• Work to complete: Taking the entries below, transcribe only the lines starting with the one with "เหรียญเสมา 6 รอบ" and going on through the one with "Dopo gli scioperi", exactly as written, without the pictures.

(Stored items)
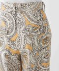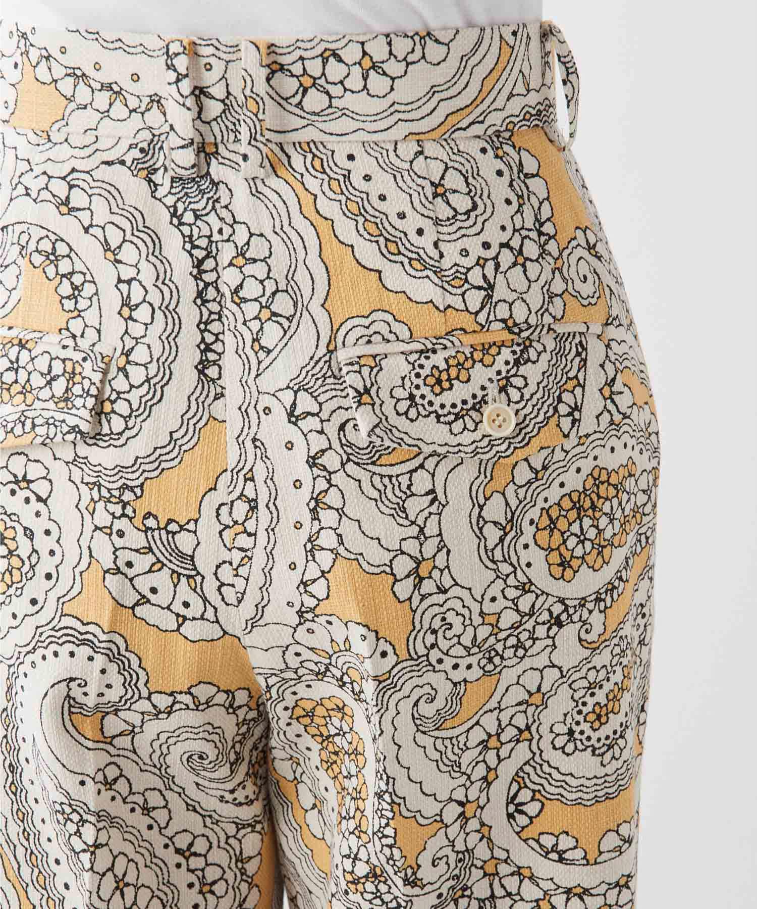 ヴィンテージ感のあるペイズリー柄パンツ。立体感の出る生地はラインが綺麗です。腰にはタックが入っており、裾に向かって細くなります。柄にインパクトがあるのでシンプルなトップスやきれいめなジャケットとの合わせが◎。
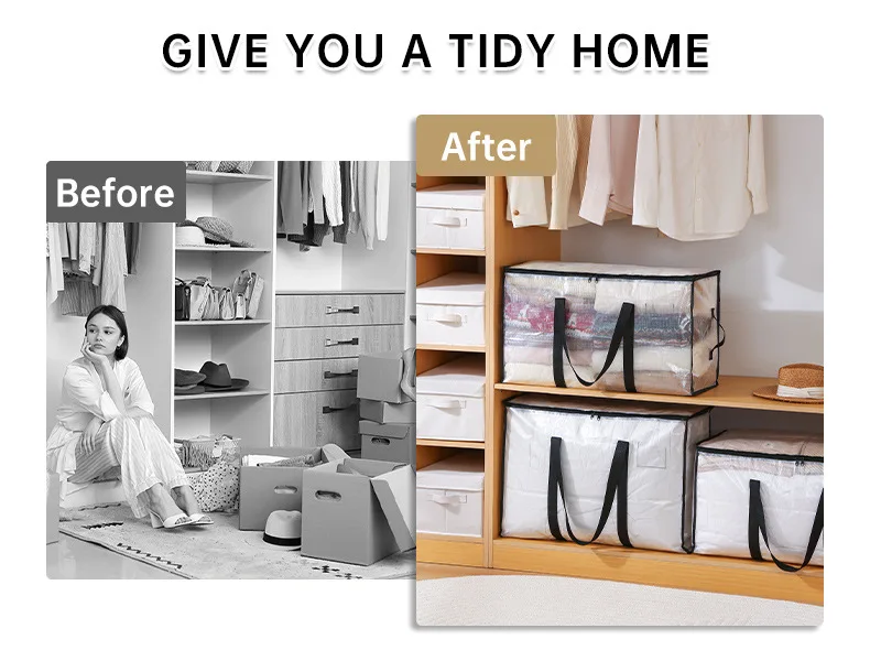 Large opening design, seasonal clothing, cotton-padded clothes, down jackets, quilts and other large items can be easily stored in one bag.
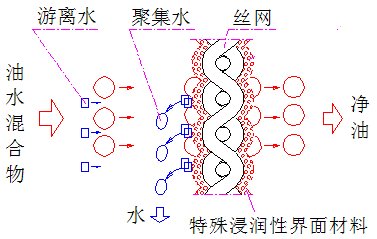 具有油水分離功能的納米界面網(wǎng)膜的分離原理圖:當非乳化的油水混合液流向經(jīng)過(guò)修飾的微納米界面結構時(shí),油體鋪展在全部親油涂層表面,油分子迅速浸潤并充分存在于表面結構的凹凸部分,宏觀(guān)上看含油的涂層表面相當于封有一層油滲透膜,該膜能使油分子相互置換并隨著(zhù)油體的滲透朝著(zhù)流動(dòng)勢能的方向運動(dòng)得以連續通過(guò)網(wǎng)膜;而油液中所含的水分在接近網(wǎng)膜的臨界面時(shí),被固體表面的超疏水納米結構所疏斥,只能被拒留在油體薄膜及疏水基團物質(zhì)的復合表面,與其它游離水聚結,靠重力場(chǎng)下油水密度差的效應匯集沉落。
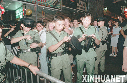 1997年6月30日午夜,香港警察更换带有紫荆花图案的新警徽。 新华社发
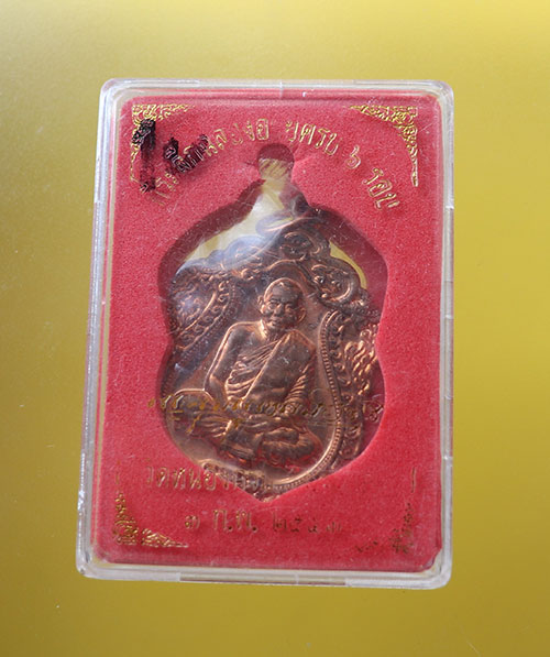 เหรียญเสมา 6 รอบ หลวงพ่อสาคร วัดหนองกรับ เนื้อทองแดง หมายเลข ๖๘๔๕ ผิวไฟแดงๆ ทั้งหน้าหลัง ซีลเดิมพร้อมกล่องเดิม ปี 2553
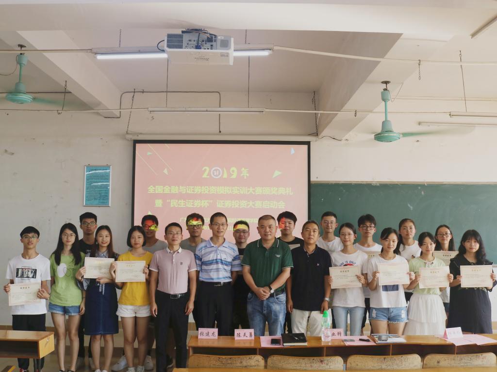 (通讯员 张建龙)10月11日下午,我院在7-318举行全国金融与证券投资模拟实训大赛颁奖典礼暨民生证券杯启动会。国泰安广州分公司副总经理莫业锋、我院副院长张志红、副院长陈天勇、经济系主任倪江崴出席了活动。
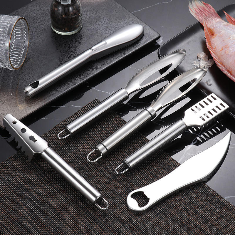 Ensemble d'écailleurs à poisson en acier inoxydable avec couteau, brosse et outil de détartrage pour fruits de mer
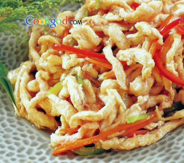 1. 鸡丝一定是温油(油温90度左右,不超过100度)入锅,入锅后可离火迅速滑开,变色即可出锅,入锅油温过高很容易柴老.同理,其他的肉丝也差不多.
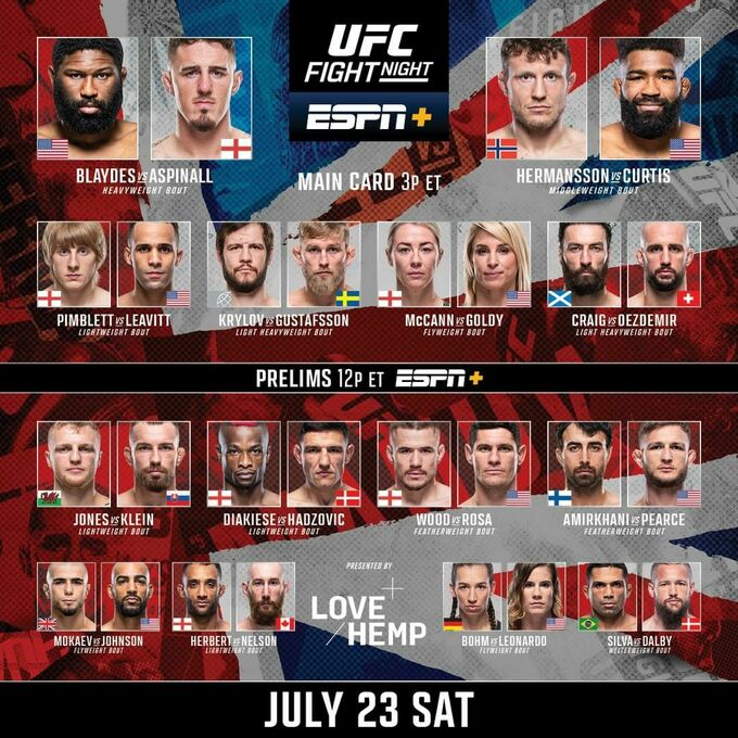 Вечером 23 июля в Лондоне проходит турнир по смешанным единоборствам UFC Fight Night 208.
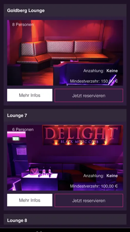 - Reserviere und konfiguriere Lounges für kommende Events
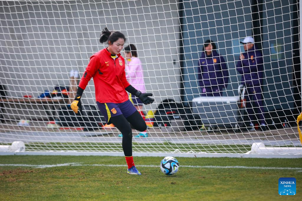 Goalkeeper Pan Hongyan of China trains during a training session prior to the 2023 FIFA Women's World Cup in Adelaide of Australia, July 15, 2023. (Photo by Zhang Yang/Xinhua)
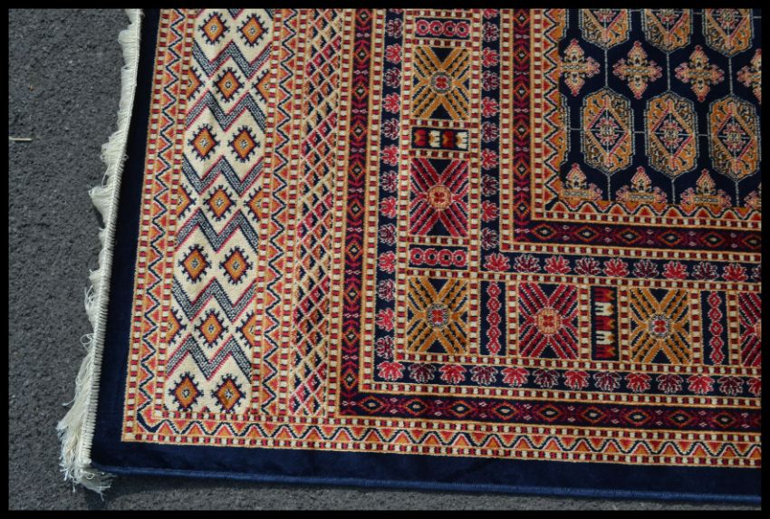 A 20th century Persian Bokhara rug having central multiple medallions raised on blue and red ground with tassled ends. Measures 2.80 x 2.0m
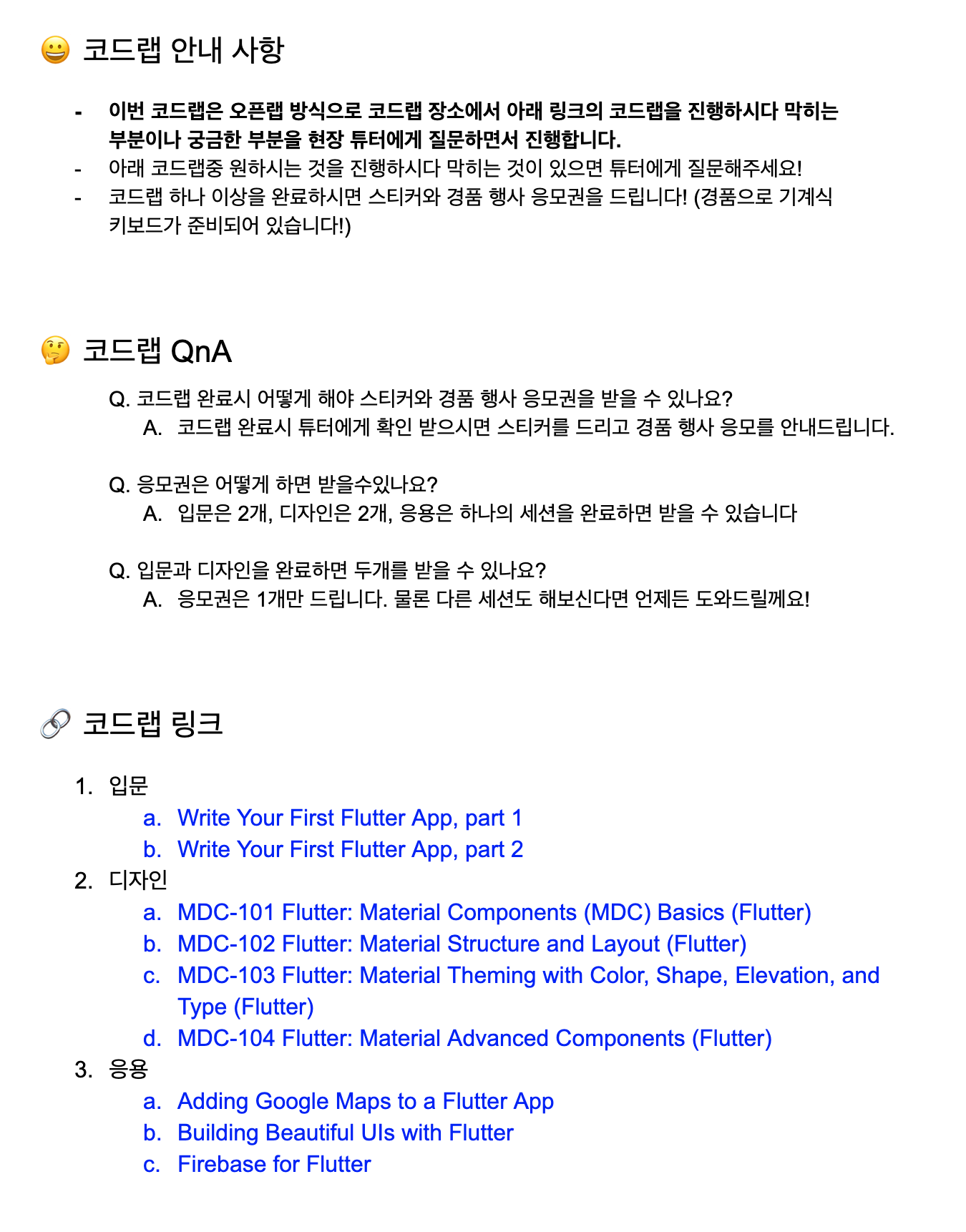 그렇게 되어 저는 이 행사의 Flutter 코드랩 리더를 맡게 되었는데요.
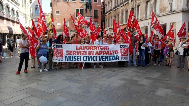 Dopo gli scioperi del 29 e 30 luglio, terzo giorno di sciopero dei lavoratori e delle lavoratrici dei servizi in appalto dei musei civici veneziani. I lavoratori e le lavoratrici difendono i posti di lavoro, i diritti sindacali e contrattuali in vista del prossimo cambio d’appalto previsto per la primavera del 2017. Lo sciopero, come nei giorni precedenti, ha avuto un evidente successo, con una presenza combattiva in piazza, malgrado il clima intimidatorio che si vive nei posti di lavoro.
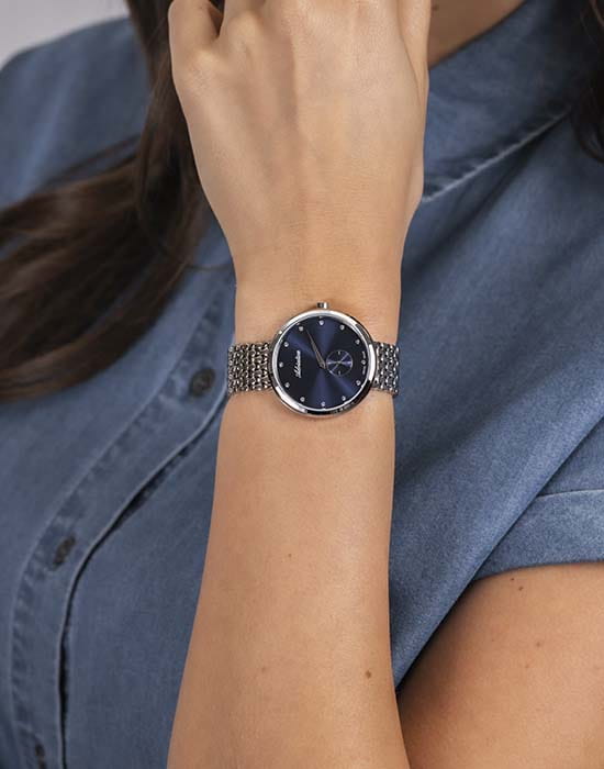 Часы Adriatica A3724.5145Q представляют собой гармоничное сочетание швейцарского качества и изысканного дизайна, подходящие для ценителей стильных аксессуаров. Их синий циферблат, украшенный 12 фианитами, а секундная стрелка вынесена на отдельный циферблат, что придает особую утонченность и элегантность. Корпус диаметром 34 мм и толщиной 7 мм выполнен из нержавеющей стали, что обеспечивает долговечность и надежность. Кварцевый механизм гарантирует точность хода, а водозащита 30WR защищает часы от случайных брызг. Браслет из нержавеющей стали с ювелирной застежкой обеспечивает комфортное ношение и добавляет изделию дополнительную элегантность. Минеральное стеклоМинеральное стеклоМинеральное стекло представляет собой искусственно выращенный минерал кварца. Такое стекло отличается особой устойчивостью к повреждениям и царапинам. Уступает по некоторым качествам сапфировому стеклу. защищает циферблат от внешних воздействий, сохраняя его безупречный вид. Часы Adriatica A3724.5145Q — это идеальный аксессуар для тех, кто ценит швейцарское качество и утонченный стиль.
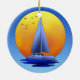 For Captains down to the deck hands, vector catamaran sailing graphic with sunset and seagulls.
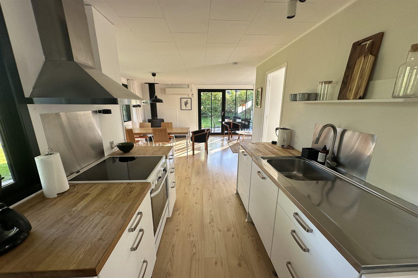 Køkkenet er udstyret med 1 køleskab. Der er 4 elkogeplader, bageovn, mikrobølgeovn samt opvaskemaskine.
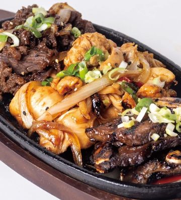 A trio of our signature BBQs - Bulgogi, LA Galbi, and Chicken BBQ. Served izzling on a hot plate with vegetables
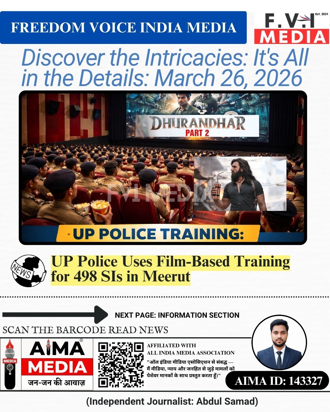 27 March 2026 ko Meerut mein lagbhag 498 Sub-Inspectors (SIs) jo Police Training School (PTS) mein training le rahe hain, unhe ek special session ke tahat film Dhurandhar-2 dikhayi jayegi.
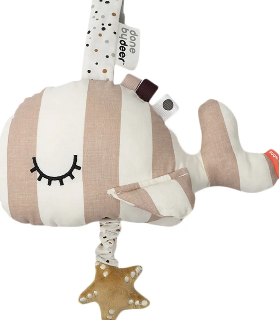 Lad søde Wally lulle de små i søvn eller lad den underholde ved puslebordet med den beroligende melodi ‘Over the rainbow’. Træk i den bløde søstjerne under Wallys mave, så vil den søde melodi afspilles. Det yndige musikalske legetøj er en dekorativ tilføjelse til børneværelset. Den praktiske velcro lukning gør det nemt at fastgøre den hvor som helst. Den søvnige hval med fine hvide og pudderfarvede striber har søde detaljer med kontrastfulde prikker og en blød søstjerne på maven. Den vil berolige de små, når det er tid til at slappe af eller tage på tur til drømmeland.
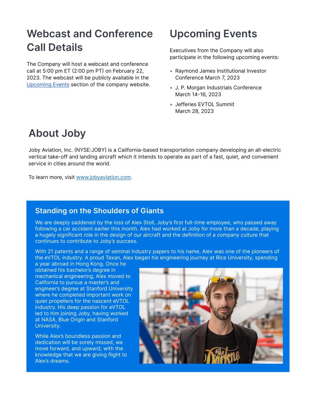 Webcast and Conference Call Details The Company will host a webcast and conference call at 5:00 pm ET (2:00 pm PT) on February 22, 2023. The webcast will be publicly available in the Upcoming Events section of the company website.     11 Upcoming Events Executives from the Company will also participate in the following upcoming events: • Raymond James Institutional Investor Conference March 7, 2023 • J. P. Morgan Industrials Conference March 14-16, 2023 • Jefferies EVTOL Summit March 28, 2023 About Joby Joby Aviation, Inc. (NYSE:JOBY) is a California-based transportation company developing an all-electric vertical take-off and landing aircraft which it intends to operate as part of a fast, quiet, and convenient service in cities around the world. To learn more, visit www.jobyaviation.com. Standing on the Shoulders of Giants We are deeply saddened by the loss of Alex Stoll, Joby’s first full-time employee, who passed away following a car accident earlier this month. Alex had worked at Joby for more than a decade, playing a hugely significant role in the design of our aircraft and the definition of a company culture that continues to contribute to Joby’s success. With 21 patents and a range of seminal industry papers to his name, Alex was one of the pioneers of the eVTOL industry. A proud Texan, Alex began his engineering journey at Rice University, spending a year abroad in Hong Kong. Once he obtained his bachelor’s degree in mechanical engineering, Alex moved to California to pursue a master’s and engineer’s degree at Stanford University where he completed important work on quiet propellers for the nascent eVTOL industry. His deep passion for eVTOL led to him joining Joby, having worked at NASA, Blue Origin and Stanford University. While Alex’s boundless passion and dedication will be sorely missed, we move forward, and upward, with the knowledge that we are giving flight to Alex’s dreams.

• Result of the task:
 เหรียญเสมา 6 รอบ หลวงพ่อสาคร วัดหนองกรับ เนื้อทองแดง หมายเลข ๖๘๔๕ ผิวไฟแดงๆ ทั้งหน้าหลัง ซีลเดิมพร้อมกล่องเดิม ปี 2553
 (通讯员 张建龙)10月11日下午,我院在7-318举行全国金融与证券投资模拟实训大赛颁奖典礼暨民生证券杯启动会。国泰安广州分公司副总经理莫业锋、我院副院长张志红、副院长陈天勇、经济系主任倪江崴出席了活动。
 Ensemble d'écailleurs à poisson en acier inoxydable avec couteau, brosse et outil de détartrage pour fruits de mer
 1. 鸡丝一定是温油(油温90度左右,不超过100度)入锅,入锅后可离火迅速滑开,变色即可出锅,入锅油温过高很容易柴老.同理,其他的肉丝也差不多.
 Вечером 23 июля в Лондоне проходит турнир по смешанным единоборствам UFC Fight Night 208.
 - Reserviere und konfiguriere Lounges für kommende Events
 Goalkeeper Pan Hongyan of China trains during a training session prior to the 2023 FIFA Women's World Cup in Adelaide of Australia, July 15, 2023. (Photo by Zhang Yang/Xinhua)
 A 20th century Persian Bokhara rug having central multiple medallions raised on blue and red ground with tassled ends. Measures 2.80 x 2.0m
 그렇게 되어 저는 이 행사의 Flutter 코드랩 리더를 맡게 되었는데요.
 Dopo gli scioperi del 29 e 30 luglio, terzo giorno di sciopero dei lavoratori e delle lavoratrici dei servizi in appalto dei musei civici veneziani. I lavoratori e le lavoratrici difendono i posti di lavoro, i diritti sindacali e contrattuali in vista del prossimo cambio d’appalto previsto per la primavera del 2017. Lo sciopero, come nei giorni precedenti, ha avuto un evidente successo, con una presenza combattiva in piazza, malgrado il clima intimidatorio che si vive nei posti di lavoro.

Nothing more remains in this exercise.